(CNN) — Move over, “Monkey Jesus.” The latest in a series of bizarre art restoration attempts to hit Spain has been spotted in the northern city of Palencia.

A statue on the outside of a building on the city’s historic main street has been left disfigured after a mysterious restorer tried to repair its broken head.

Local artist Antonio Capel noticed the work on Friday and uploaded photos to Facebook that quickly garnered plenty of attention online.

“It looks like a cartoon character,” Capel wrote in the post.

Capel, whose studio is across the road from the statue, told CNN he hasn’t been able to find out who carried out the work, or who commissioned it.

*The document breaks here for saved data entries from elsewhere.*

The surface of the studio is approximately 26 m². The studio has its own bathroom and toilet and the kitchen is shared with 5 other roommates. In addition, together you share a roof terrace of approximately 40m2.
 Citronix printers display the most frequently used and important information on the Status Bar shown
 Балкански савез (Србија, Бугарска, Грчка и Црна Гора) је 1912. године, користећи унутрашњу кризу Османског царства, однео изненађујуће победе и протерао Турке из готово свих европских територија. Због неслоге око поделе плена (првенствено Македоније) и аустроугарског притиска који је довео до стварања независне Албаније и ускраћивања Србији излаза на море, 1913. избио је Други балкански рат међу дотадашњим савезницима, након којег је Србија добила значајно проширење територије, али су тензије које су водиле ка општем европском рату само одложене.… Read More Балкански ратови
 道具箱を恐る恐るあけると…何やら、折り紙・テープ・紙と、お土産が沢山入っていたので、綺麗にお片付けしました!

He said crowds of people have been gathering to take a look at the statue after his photos did the rounds online and were picked up in Spanish media.

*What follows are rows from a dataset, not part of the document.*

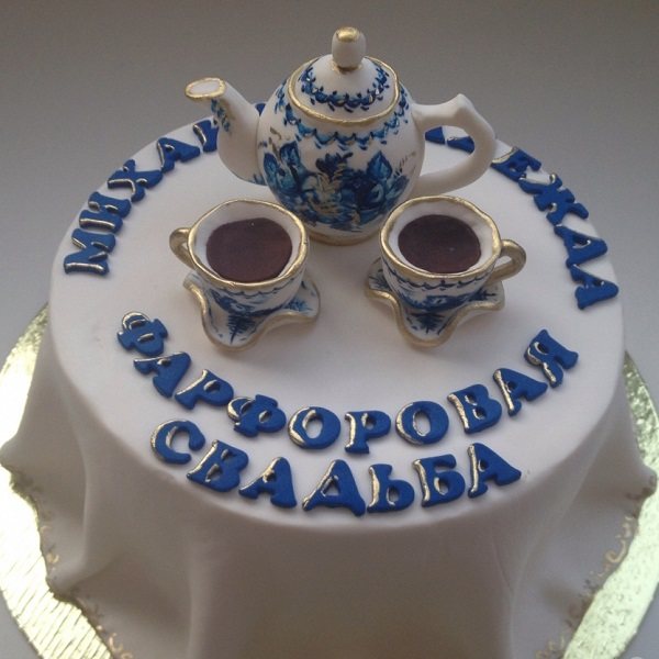 Чтобы точно удивить своих гостей, закажите на свою фарфоровую свадьбу сладкое лакомство, как на фото — торт в форме красивого расписного чайника. Благодаря использованию мастики и других кондитерских ингредиентов можно соорудить очень реалистичное и яркое угощение.
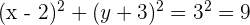 Daher muss der Radius des Kreises 3 sein. Die Kreisgleichung lautet also:
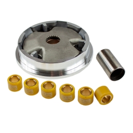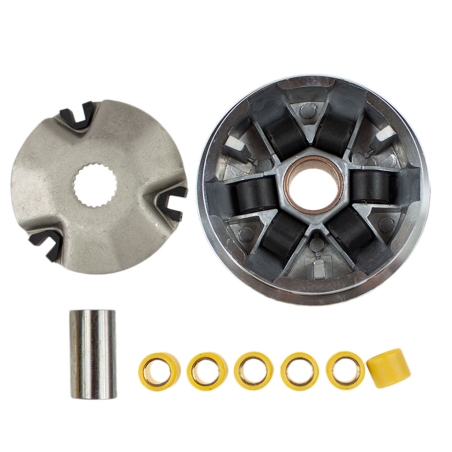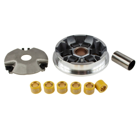Wariator kompletny, tuningowy, do skuterów czterosuwowych z silnikami GY6 125cm 150cm, montowanych w maxiskuterach produkcji chińskiej.W skład zestawu wchodzą: wariator tuningowy, rolki wariatora, talerz wariatora i tuleja wariatora.
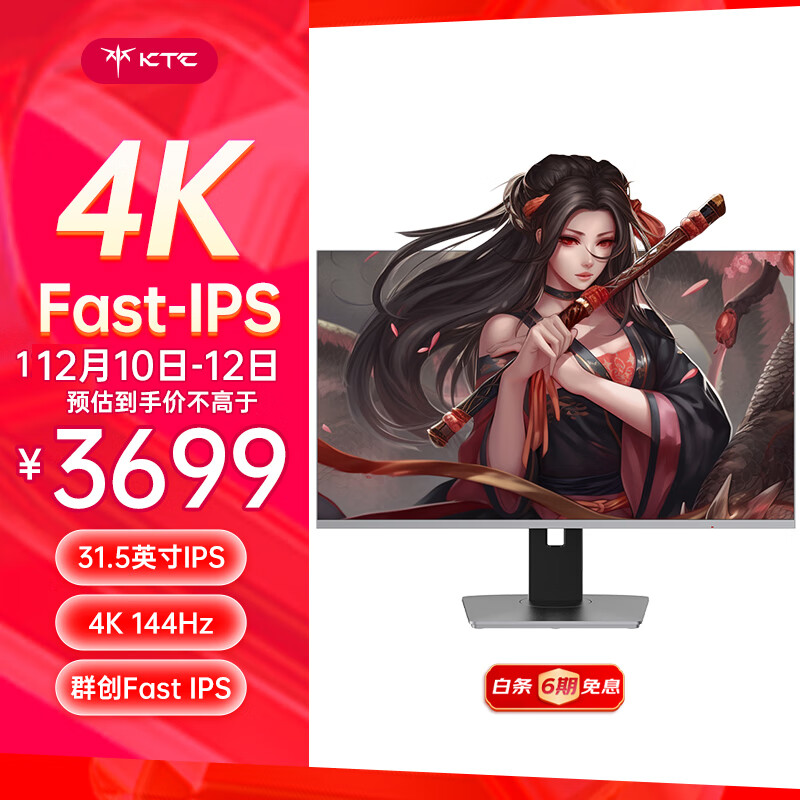 KTC 31.5英寸 4k144Hz FastIPS HDR400 10bit屏 120%sRGB广色域 升降旋转壁挂 无闪屏 电竞显示屏 U32P36价格:4999.00元!
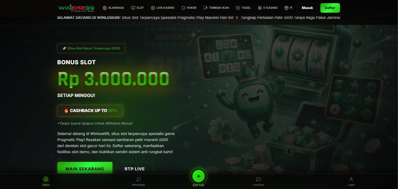 Di era hiburan digital yang semakin pesat, memilih platform taruhan yang terbukti adil dan berani membayar lunas adalah kunci utama. Winlose99 tampil sebagai destinasi nomor satu bagi para pemburu jackpot, menyandang status sebagai situs slot gacor dengan standar operasional internasional. Kami berdedikasi penuh untuk menyajikan pengalaman bermain yang epik dengan visual spektakuler bagi setiap member.

Capel told CNN he doesn’t understand why amateur restorers think they can take on these projects, or why those responsible for the artworks authorize the work.

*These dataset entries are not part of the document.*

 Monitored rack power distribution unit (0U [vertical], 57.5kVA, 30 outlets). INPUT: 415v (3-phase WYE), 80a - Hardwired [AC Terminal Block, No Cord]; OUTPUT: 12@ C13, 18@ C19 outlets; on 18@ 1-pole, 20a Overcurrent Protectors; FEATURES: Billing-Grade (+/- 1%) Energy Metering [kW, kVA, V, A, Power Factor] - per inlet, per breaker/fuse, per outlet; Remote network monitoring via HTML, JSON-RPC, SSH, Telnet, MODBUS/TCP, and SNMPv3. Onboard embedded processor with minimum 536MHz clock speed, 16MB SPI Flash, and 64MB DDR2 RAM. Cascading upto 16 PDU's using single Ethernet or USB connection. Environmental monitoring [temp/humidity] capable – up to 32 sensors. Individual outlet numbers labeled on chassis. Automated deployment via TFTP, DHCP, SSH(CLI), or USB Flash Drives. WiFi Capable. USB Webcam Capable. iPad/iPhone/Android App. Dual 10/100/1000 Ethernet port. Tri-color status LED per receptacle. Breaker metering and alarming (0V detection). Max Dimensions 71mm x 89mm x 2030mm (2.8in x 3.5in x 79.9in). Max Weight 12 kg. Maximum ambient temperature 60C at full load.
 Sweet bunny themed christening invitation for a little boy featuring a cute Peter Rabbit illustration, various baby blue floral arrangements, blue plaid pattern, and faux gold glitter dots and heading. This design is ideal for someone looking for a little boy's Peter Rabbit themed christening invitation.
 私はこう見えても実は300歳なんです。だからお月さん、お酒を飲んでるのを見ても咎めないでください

“I don’t understand why they allow it,” Capel told CNN. “It doesn’t seem normal to me.”

Spain’s Professional Association of Conservators and Restorers also spoke out about the work.

“THIS #IsNotRestoration,” the organization tweeted. “It’s a NON-professional intervention.”

Capel believes the attempted restoration is worse than the famous job on a flaking fresco of Jesus on a church wall in the town of Borja in 2012.

Amateur restorer Cecilia Gimenez was widely criticized for her work, but it’s turned into a strange success story.

Not only did the “Monkey Jesus,” as it has become known, cause an internet sensation, it has also drawn visitors to Borja in their thousands.

In 2018, the botched restoration of a 16th-century polychrome statue of St. George in the Church of St. Michael in Estella, a town in the Navarre region, provoked anger among art experts.